DATA SUPPLIED
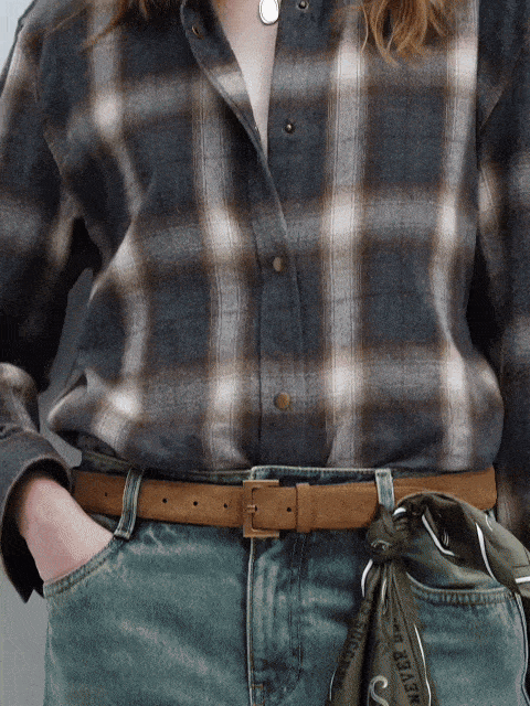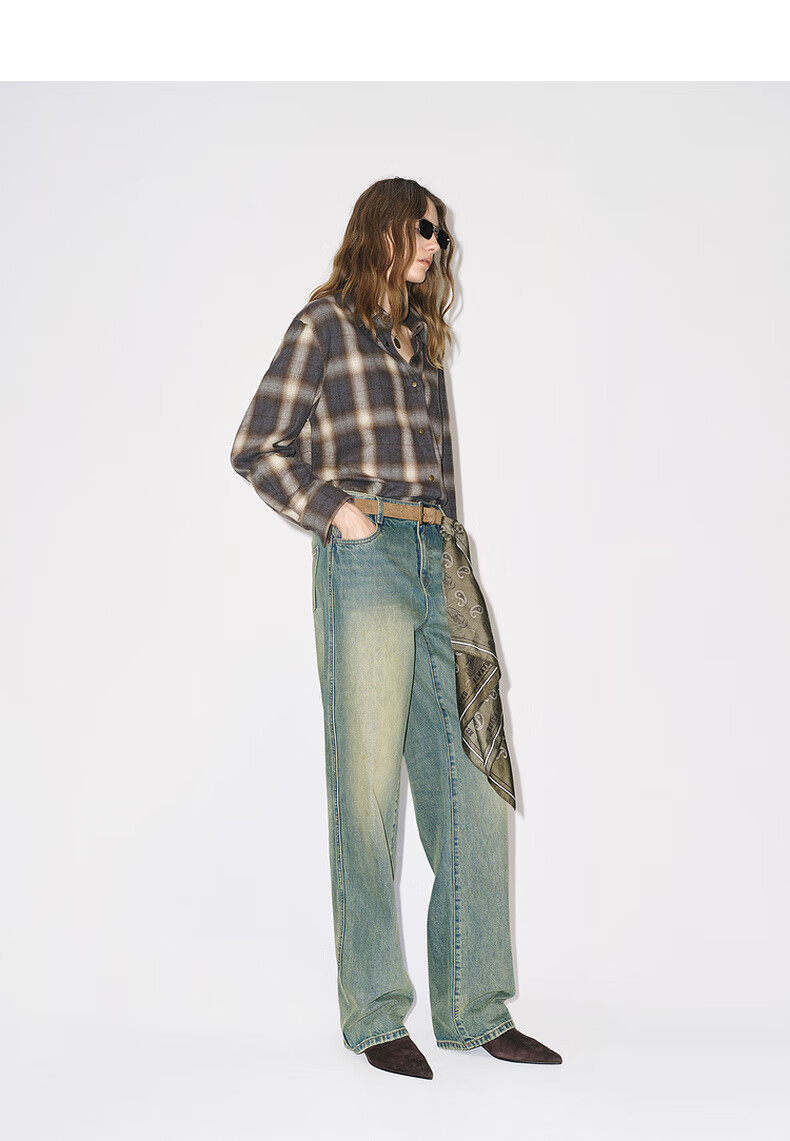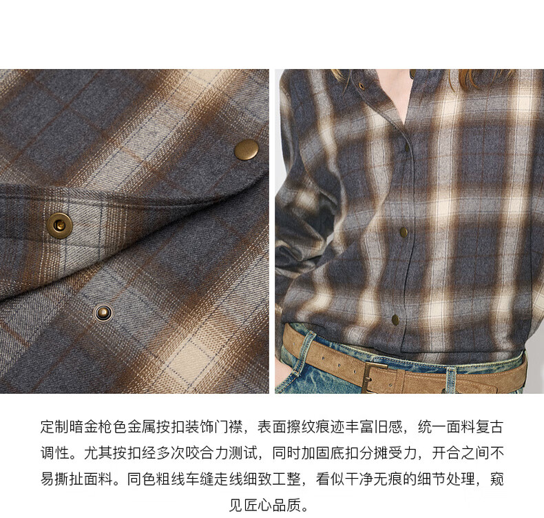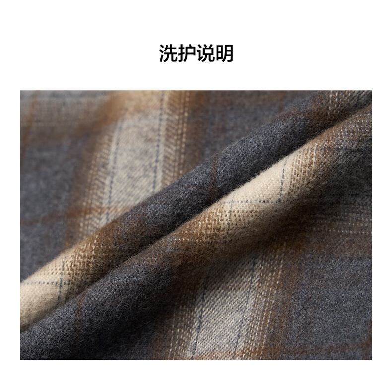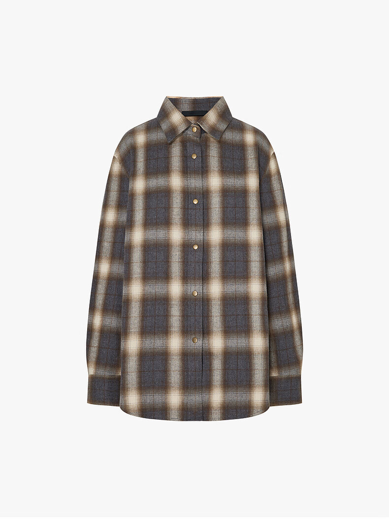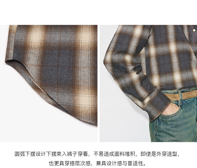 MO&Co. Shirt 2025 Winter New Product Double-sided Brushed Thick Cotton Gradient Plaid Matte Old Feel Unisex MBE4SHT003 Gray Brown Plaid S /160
---
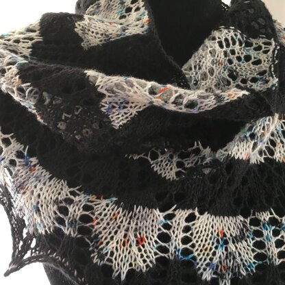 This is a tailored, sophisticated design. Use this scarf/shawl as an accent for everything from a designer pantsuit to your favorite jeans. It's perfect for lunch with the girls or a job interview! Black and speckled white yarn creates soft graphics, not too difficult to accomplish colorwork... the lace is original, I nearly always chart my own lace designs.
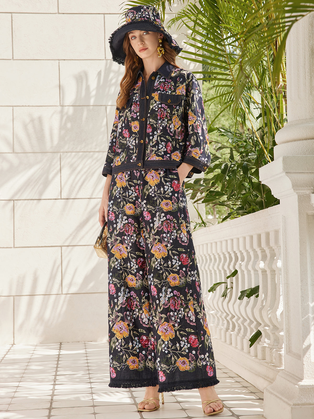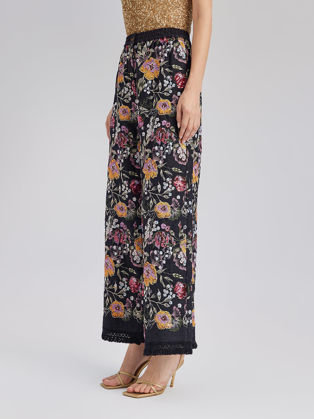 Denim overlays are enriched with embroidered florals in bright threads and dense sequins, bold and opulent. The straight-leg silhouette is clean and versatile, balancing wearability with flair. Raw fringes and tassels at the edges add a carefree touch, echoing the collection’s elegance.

YOUR OBJECTIVE
In the records above, find the line containing "This is a tailored, sophisticated" and the line containing "Denim overlays are", then give both of them again word for word along with every line between. Omit any pictures.

EXERCISE SOLUTION
 This is a tailored, sophisticated design. Use this scarf/shawl as an accent for everything from a designer pantsuit to your favorite jeans. It's perfect for lunch with the girls or a job interview! Black and speckled white yarn creates soft graphics, not too difficult to accomplish colorwork... the lace is original, I nearly always chart my own lace designs.
 Denim overlays are enriched with embroidered florals in bright threads and dense sequins, bold and opulent. The straight-leg silhouette is clean and versatile, balancing wearability with flair. Raw fringes and tassels at the edges add a carefree touch, echoing the collection’s elegance.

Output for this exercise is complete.